LATINA – “Il ricorso a stratagemmi ed equivoci verbali è una tecnica ormai consolidata di una vecchia politica che ha fatto il suo tempo alimentata dalla distorsione di una visione clientelare della gestione del pubblico. Gli oltre 530 precari della Asl di Latina, i cui contratti scadranno il 31 luglio prossimo, saranno gradualmente internalizzati ma soltanto dopo aver una seria ricognizione del personale necessario e alla luce della nuova programmazione sanitaria che si sta operando nella attuale fase di trasparente gestione da parte della Regione”.
Il consigliere regionale del Pd Enrico Forte torna sulla vicenda delle assunzioni a tempo deliberate dalla direzione generale della Asl, assunzioni che proprio in seguito alla sua richiesta di commissariamento dell’azienda sanitaria sono state “congelate”, e risponde alle dichiarazioni di alcuni esponenti del Pdl che in questi giorni hanno difeso il comportamento dei vertici della Asl.
“Le delibere 315 e 316 – attacca il consigliere regionale – sono un esempio lampante di un certo tipo di agire, impostato su logiche prettamente clientelari. La direzione generale della Asl ha deciso, adducendo come pretesto i Livelli essenziali di assistenza, di far passare avanzamenti di carriera e assegnare dirigenze a personale sanitario non medico palesemente inutili imboccando un percorso che va in direzione contraria rispetto al principio di integrazione tra ospedale e territorio. Esempi eclatanti di tale impostazione sono la pretesa di dividere le due Unità operative complesse (la dirigenza infermieristica dell’ospedale da quella del territorio) affidando dirigenze mediche ad personam. L’affermazione che “si trattava nella maggior parte di rinnovi” per tutelare i lavoratori precari, è avvilente proprio perché tenta di giustificare atti ad personam adducendo come motivazione i legittimi interessi di una categoria di professionisti che da anni, senza un futuro certo, drammaticamente garantisce i servizi sanitari sul territorio della provincia di Latina. L’annullamento delle due deliberazioni ha come obiettivo quello di evitare di immettere nel già affollato gruppo dei precari nuovi assunti su segnalazione. Le assunzioni di cui parliamo – continua Enrico Forte – non erano infatti dei semplici rinnovi di contratti già in essere, come si evince dopo una breve lettura delle delibere oggetto di contestazione, circostanza che, in un processo che si vuole avviare per il superamento del precariato, potrebbe danneggiare alcuni professionisti che si vedrebbero superati da elementi “beneficiati” all’improvviso”.

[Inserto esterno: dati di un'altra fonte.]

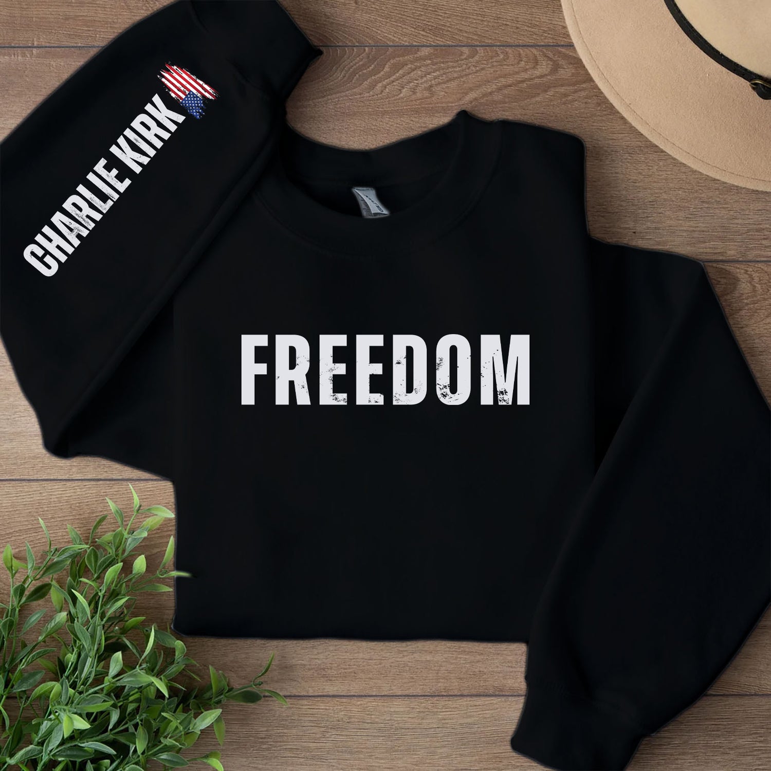 Freedom Charlie Kirk Memorial Sweatshirt | Charlie Kirk Sleeve Right Print Sweater | Human Rights Apparel 682917

Il consigliere regionale pontino ricorda come l’impegno assunto dalla Regione Lazio in materia di sanità sia invece quello di programmare un graduale inserimento nell’organico degli oltre 530 precari della Asl pontina, impegno che non può prescindere da un’attenta ricognizione dell’attuale organico e da una valutazione delle necessità reali, in un’ottica di <gestione nuova e trasparente>.